> Input records:
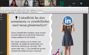 İnsan Kaynakları Uzmanı Meltem Karagöz Akhisar’ın eğitimci olarak katıldığı programda, geleceğin dijital CV’si LinkedIn’in kullanımı ve sektörde önemi üzerinde duruldu.
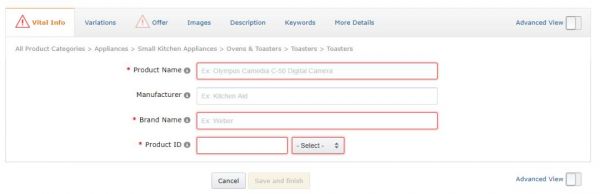 (3):在提供的数据字段中输入您的商品详情,注意标有*号的为必填信息,最后点击【Save and finish】
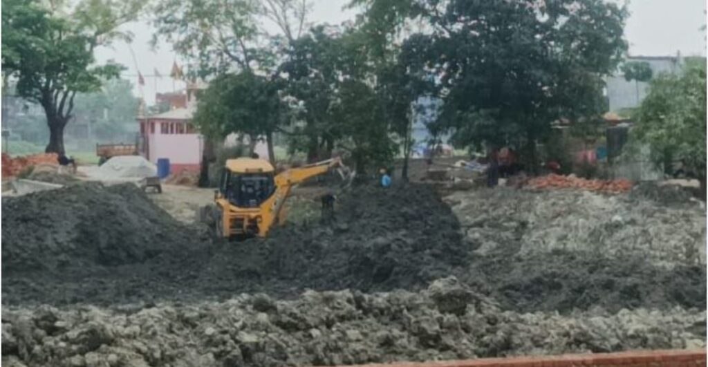 मनरेगा मजदूरों की उड़ायी जा रही धज्जियां बरवाखुर्द में जेसीबी मशीन से हो रही पोखरी की खोदाई,
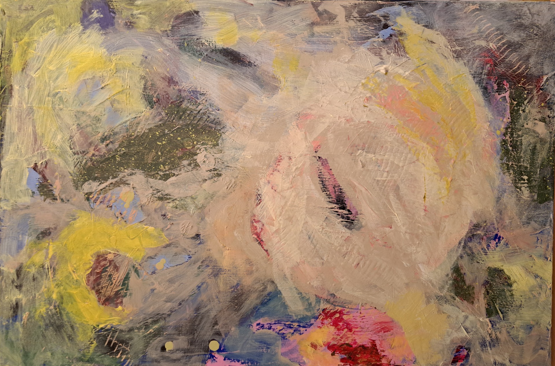 VÅREN I ROSA Akryl på mdf plate 60x80 m/ramme SOLGT
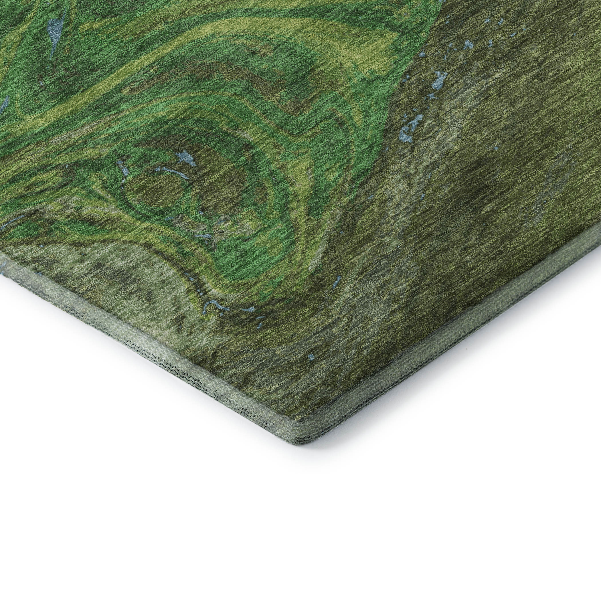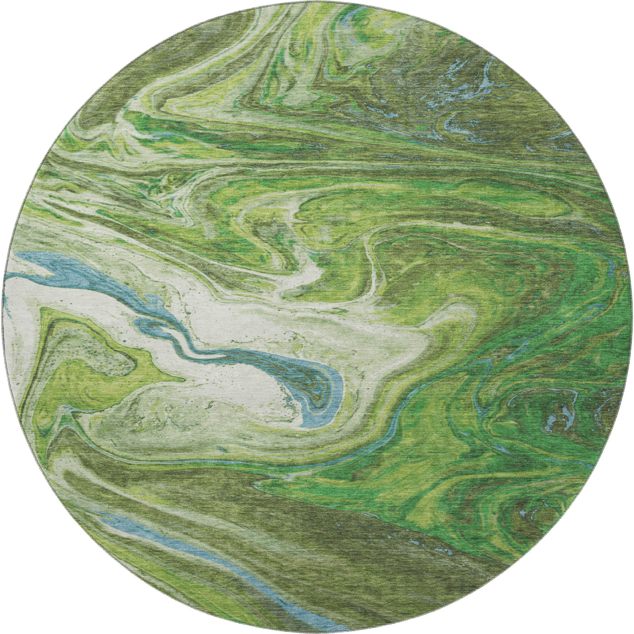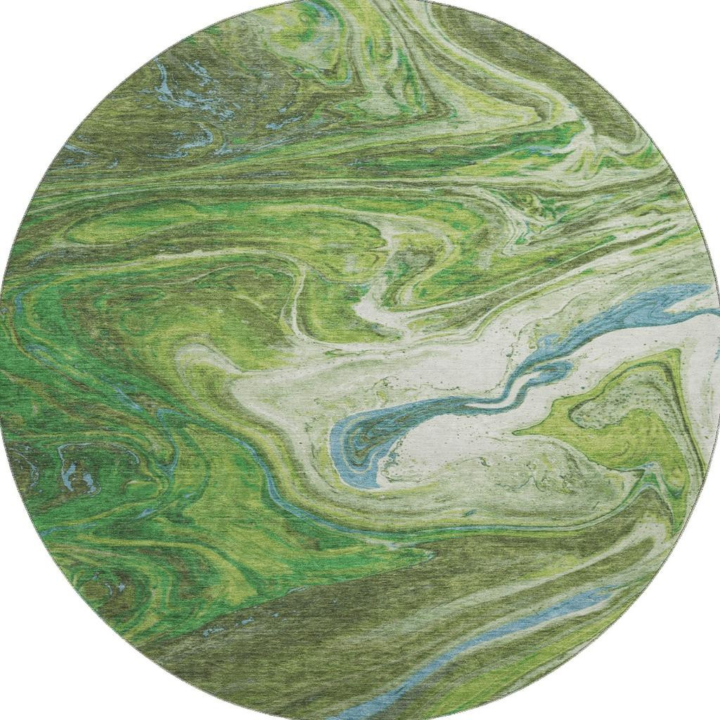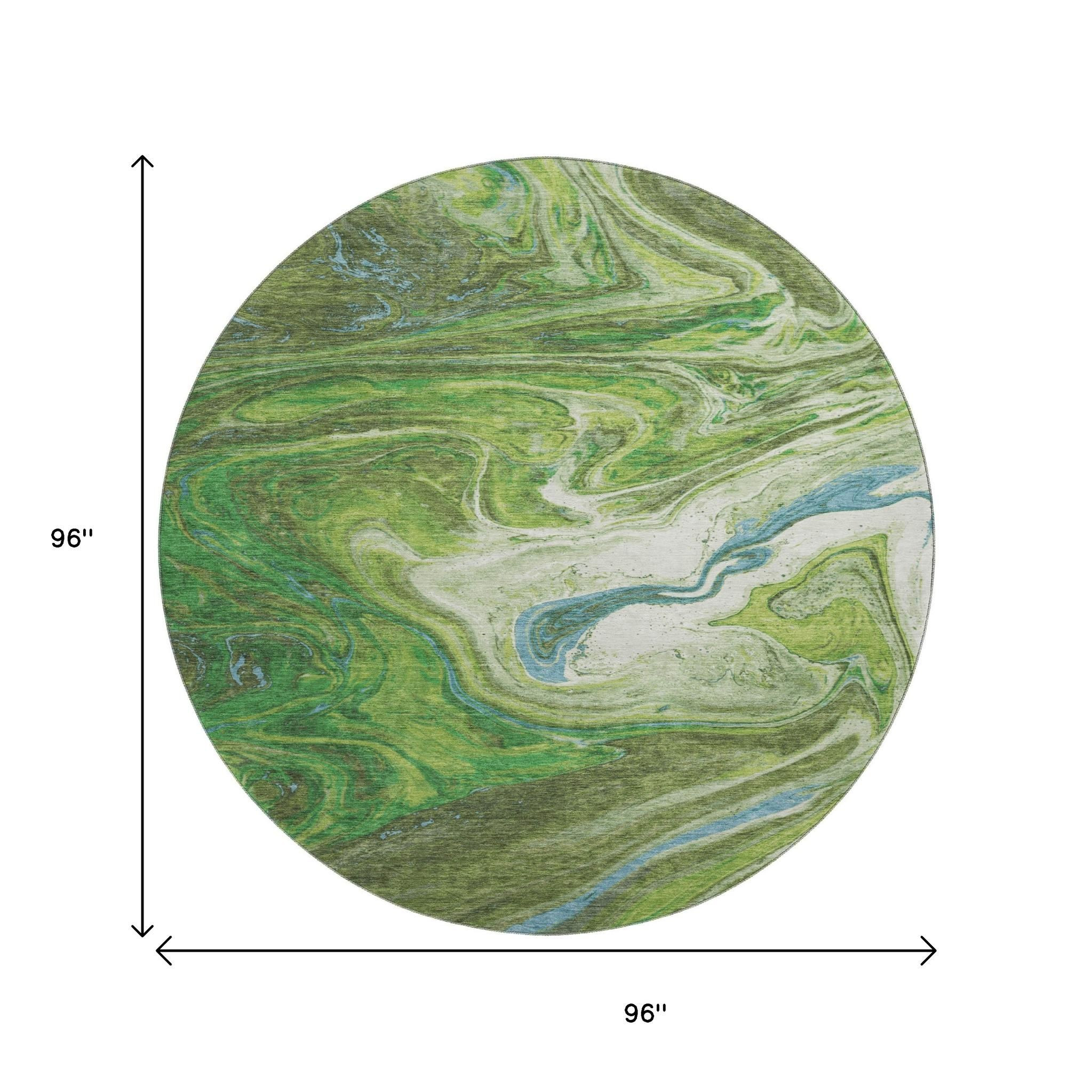 Add some artistry to your room with this 8-foot green blue and ivory abstract washable round rug with uv protection. Ideal for spaces with kids and pets, this rug is stain resistant to help repel dirt and spilled liquids. Built to last, this rug crafted from polyester fibers is known for its durability and long lasting appeal. Rugs are a great way to showcase your style, hide imperfections, warm your home and reduce noise. This larger sized, transitional styled rug is ready to create a focal point or statement piece in your room. 96.00-inch h x 96.00-inch w x 0.39-inch d.

> About this task: Repeat the lines above, starting at the first and stopping after the line that holds "VÅREN I ROSA", with the pictures left out.

> Answer for the task:
 İnsan Kaynakları Uzmanı Meltem Karagöz Akhisar’ın eğitimci olarak katıldığı programda, geleceğin dijital CV’si LinkedIn’in kullanımı ve sektörde önemi üzerinde duruldu.
 (3):在提供的数据字段中输入您的商品详情,注意标有*号的为必填信息,最后点击【Save and finish】
 मनरेगा मजदूरों की उड़ायी जा रही धज्जियां बरवाखुर्द में जेसीबी मशीन से हो रही पोखरी की खोदाई,
 VÅREN I ROSA Akryl på mdf plate 60x80 m/ramme SOLGT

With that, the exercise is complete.